Amendments to the bill, particularly relating to how the bill would effect the security services, have been tabled, causing progress to stall. The government issued a carry-over motion, allowing work on the bill to be continued into the second session of the current parliament. Bryne expressed his urgent belief that 'ministers must end the delays and deliver the law in full without carve outs', a sentiment echoed by campaigners including Margaret Aspinall.

== Parliamentary progress ==

=== House of Commons ===

==== First reading ====
The bill had its first reading on 16 September 2025.

==== Second reading ====
Keir Starmer introduced the bill for its second reading. The bill was debated in the Commons on 3 November 2025 and passed to committee stage.

==== Committee stage ====
The bill was in from 27 November 2025 to 14 July 2026. Witnesses include Weatherby, now working with the Hillsborough Law Now campaign, Burnham and Steve Rotheram, Mayor of Liverpool City Region.

====Report stage====

Having been carried-over to the second session of the 2024-present parliament, the bill progressed slowly through the report stage. A total of 159 amendments were tabled. An amendment was put forward by Liberal Democrat MP Jess Brown-Fuller which would introduce an offence of "wilfully destroying information or records relevant to an inquiry or investigation"; A further amendment tabled by Labour MP Luke Myer would "[expand] the offence of misleading the public to apply to Members of either House of Parliament",, which received cross-party support.

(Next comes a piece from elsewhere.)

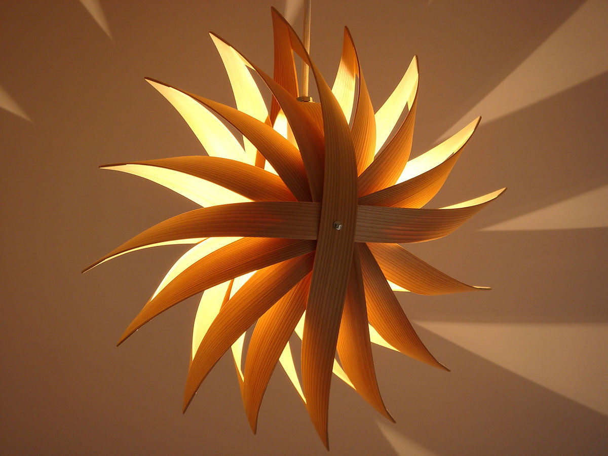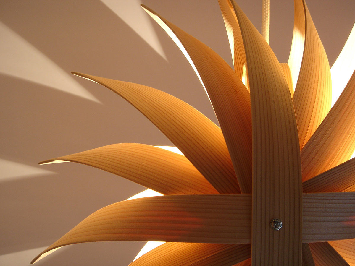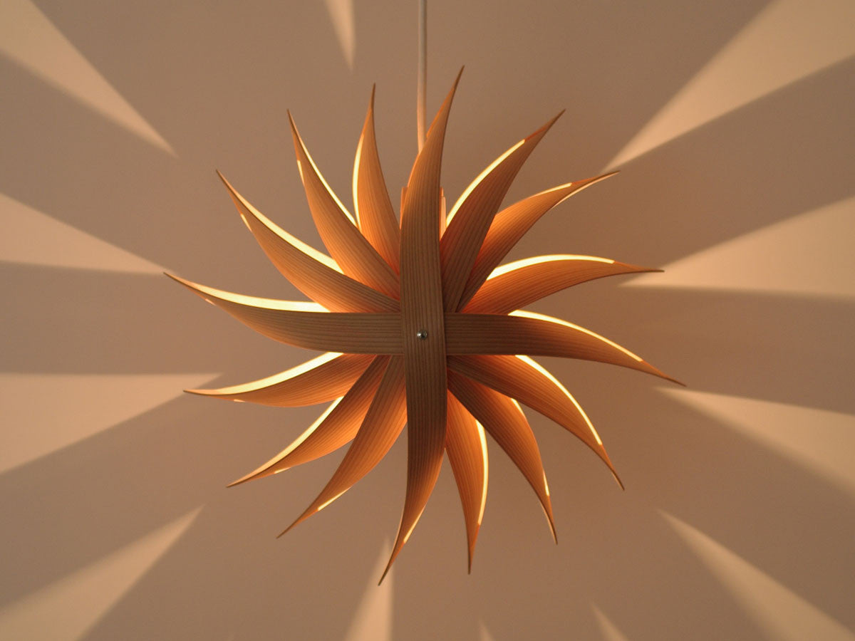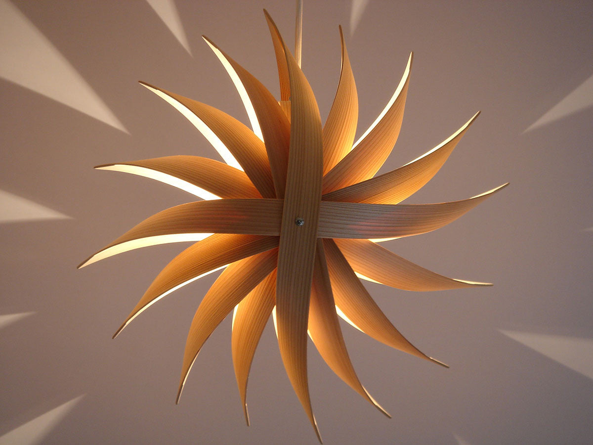 日本の伝統工芸「曲げわっぱ」の技法を用いた作品。秋田杉の単板を熱湯の中で曲げながら、おひつや茶筒を作る「曲げわっぱ」。秋田杉を無塗装で使用することで、独特の風合いと香りが生まれ、視覚と嗅覚を刺激します。デザインだけでなく、曲げ・貼付け・組立てに至るすべての工程を作家である谷氏本人が制作しています。“ 日本のインテリアのほとんどが輸入物であり、今では日本の伝統工芸も下火になりつつある。その日本の伝統工芸を海外の人が買っていき、また新たな形として日本に「逆輸入」として登場する。なぜ日本に住みながら身近にある「日本の良い物」に気が付かないか、自分の作品を通してもっと多くの人に日本の伝統工芸を知ってもらいたい、そう考えました。実際、自分自身伝統工芸に触れる為に秋田に修行に行き、「曲げわっぱ」という伝統に触れて来ました。今までのインテリアは視覚的な情報でしかなかった物を「曲げわっぱ」に使われる素材、秋田杉から出る香りで嗅覚的情報、人間の五感のうちの二つで感じるインテリアを実現させました。”(照明作家 谷俊幸)

In January 2026, the government shelved a planned final debate on the bill amid controversy over a government-introduced amendment to make co-operation from intelligence services personnel contingent on approval from the head of their service, with oversight from the Intelligence and Security Committee. This led to a pushback from the Intelligence and Security Committee, which did not support the amendment, and from multiple Labour MPs, including Ian Byrne, who tabled his own amendment which would "remove the exemption for a person who works for an intelligence service to notify an inquiry or investigation of relevant acts or information".. Amid the deadlock, BBC News reported that the director general of MI5, Sir Ken McCallum, "was personally involved in speaking to some MPs" to resolve the issue.

==== Third reading ====
Keir Starmer introduced the bill for its third reading. The bill was debated in the Commons on 14 July 2026 and passed to the House of Lords.

====Final stages====
In July 2026, the bill was approved by the House of Commons and is due to be further scrutinised by the House of Lords. The government hopes the law will be in effect by April 2027, in time for the anniversary of the Hillsborough disaster. The bill was passed with MP Andy Burnham present as one of the final acts of the Keir Starmer premiership. Both had been involved in the original drafting of the bill.

=== House of Lords ===

==== First reading ====
After being carried over till 29 January 2027, the bill was first read in the House of Lords on 16 July 2026.

==== Second reading ====
Lord Lemos introduced the bill for its second reading. The bill was debated in the Commons on 1 September 2026 and passed to committee stage.